Bryan Buchan, chief executive of Scottish Engineering, slammed the vote to leave the EU as a “bitter blow for our sector”. He said engineering firms have been “suffering terribly from the rise in price of raw materials”, including UK steel and nickel, while not seeing any benefit from the weaker pound because the bulk of their business is carried out within the UK. And he said there are growing signs companies could be willing to “take business in the margin” - contracts that would bring in enough income to cover costs and keep volumes up while not delivering a profit.

“The brakes are on, hard, in terms of capital investment, and they are not likely to come until there is clarity [over the UK’s future trading arrangements],” Mr Buchan added.

Karen Marshall, managing director of Bridge of Weir-based Scottish Leather Group, warned the uncertainty over the UK’s future trading relationship with the EU has the potential to “undermine future investment”, and called for a “quick resolution” to the post-Brexit negotiations. Ms Marshall, whose company supplies leather to the global aviation and automotive sectors, said the vote to leave the EU puts trading relationships with customers based within the bloc at risk, declaring that they are “aghast that we have voted to come out of Europe”.

Mark Hogarth, creative director at luxury textiles company Harris Tweed Hebrides, said the Brexit vote had also shaken up the European fashion industry, noting that “95 per cent of UK textiles companies were vociferously open to Remain politics”. He declared: “To be seen to have withdrawn from Europe is to be seen to have withdrawn from the fashion industry.”

Mr Hogarth played down the argument that the plunge in sterling since the vote on June 23 would benefit exports. Although 70 per cent of Harris Tweed Hebrides’ goods are exported, he said the company trades on its reputation for luxury – not currency movements.

“We don’t trade on currency – we want longevity,” he said.

And while it has been suggested UK companies should seek to open new markets when the UK leaves the EU, Mr Hogarth emphasised that this was not an easy process.

“We managed to crack Italy – [but] it’s like the English selling wine to France,” he said. “It takes years to build up [a new market].”

Fears over a so-called “hard Brexit”, which would mean an end to the free movement from EU countries into the UK, were also highlighted to MSPs.

James Withers, chief executive of Scottish Food & Drink, cited the example of Elgin-based Walkers Shortbread, which flagged last month the key role played by its 300 overseas staff in the continuing success of the business.

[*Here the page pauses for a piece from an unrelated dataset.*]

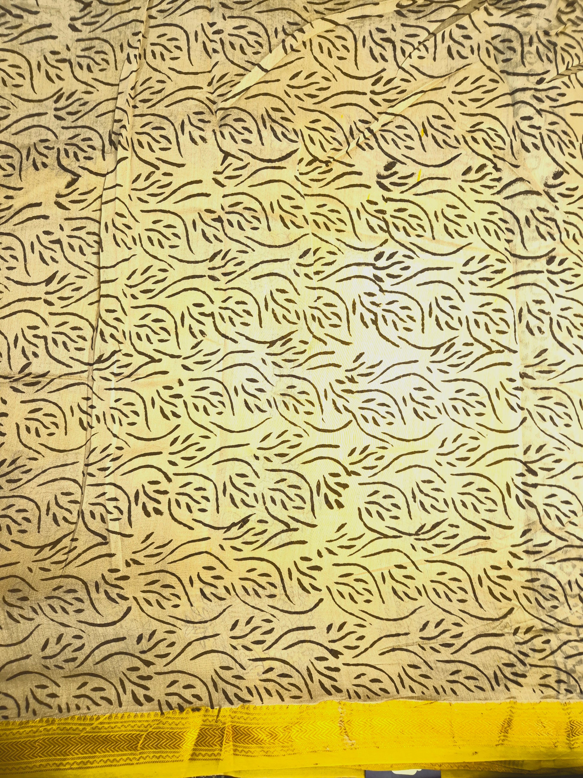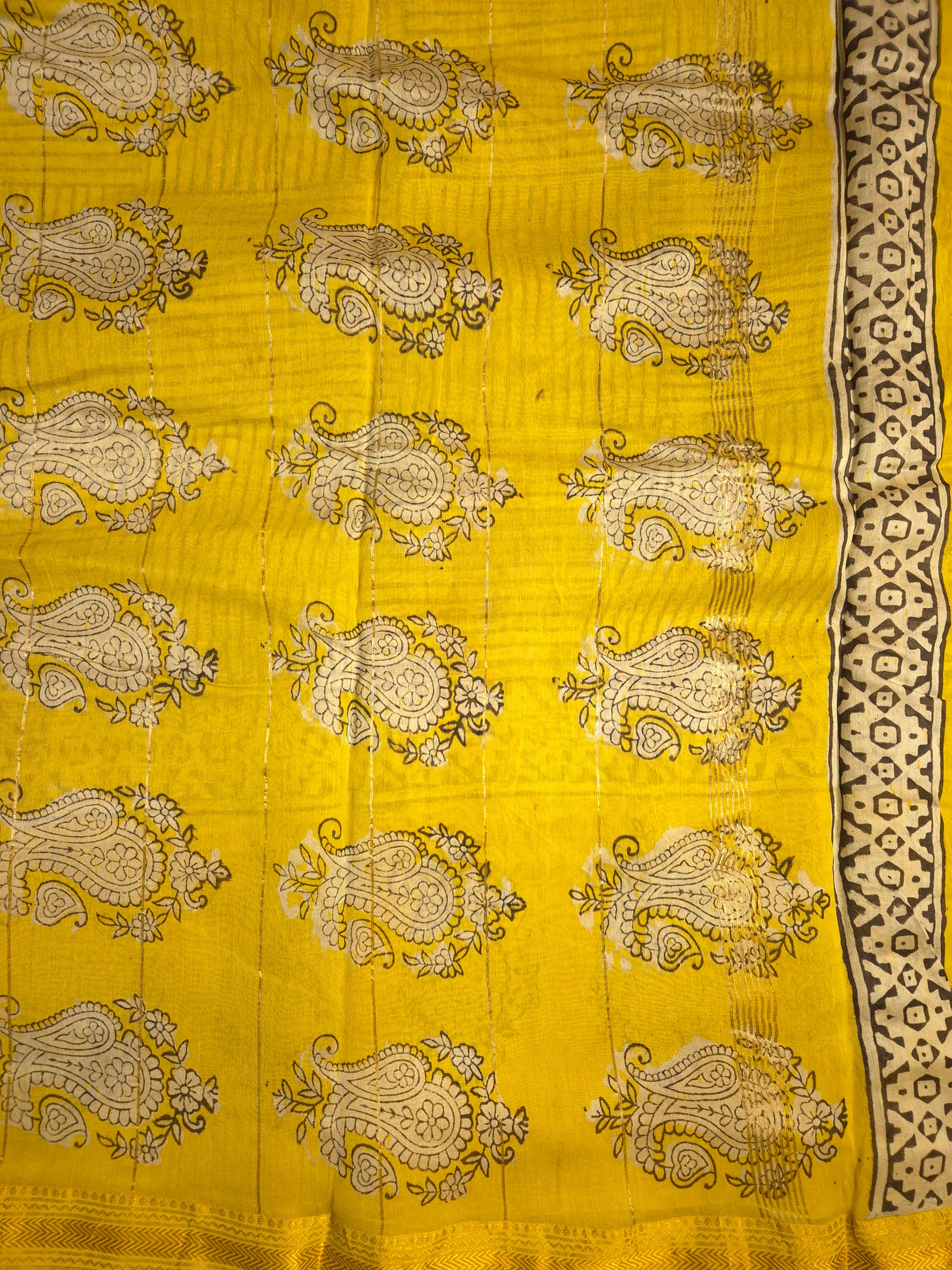 Ajrakh Printed Silk Saree with striped pattern and Broad Yellow Border

Mr Withers said Scotland was facing a “perfect storm” over labour, warning it risks losing the skills of EU migrants because their earnings here are now worth less in their home countries, and because their skills are also in demand in the nations they originally came from as their economies are developed.

He challenged the UK Government to shift its attitude towards migrant workers to underline that their contribution is genuinely valued and welcomed by companies here, and criticised the prevailing message which centres on whether or not they will be allowed to stay.

Mr Buchan, meanwhile, cited the benefit brought to the Rosyth Dockyard, which is working on aircraft carriers, from the freedom of movement across the EU, in particular the influx of Polish workers.

David Williamson, public affairs director at the Scotch Whisky Association, highlighted the importance of distillers securing “pragmatic, non-disruptive transitional agreements” for the UK when it leaves the EU.

The EU is the single biggest market for Scotch whisky, accounting for one-third of exports.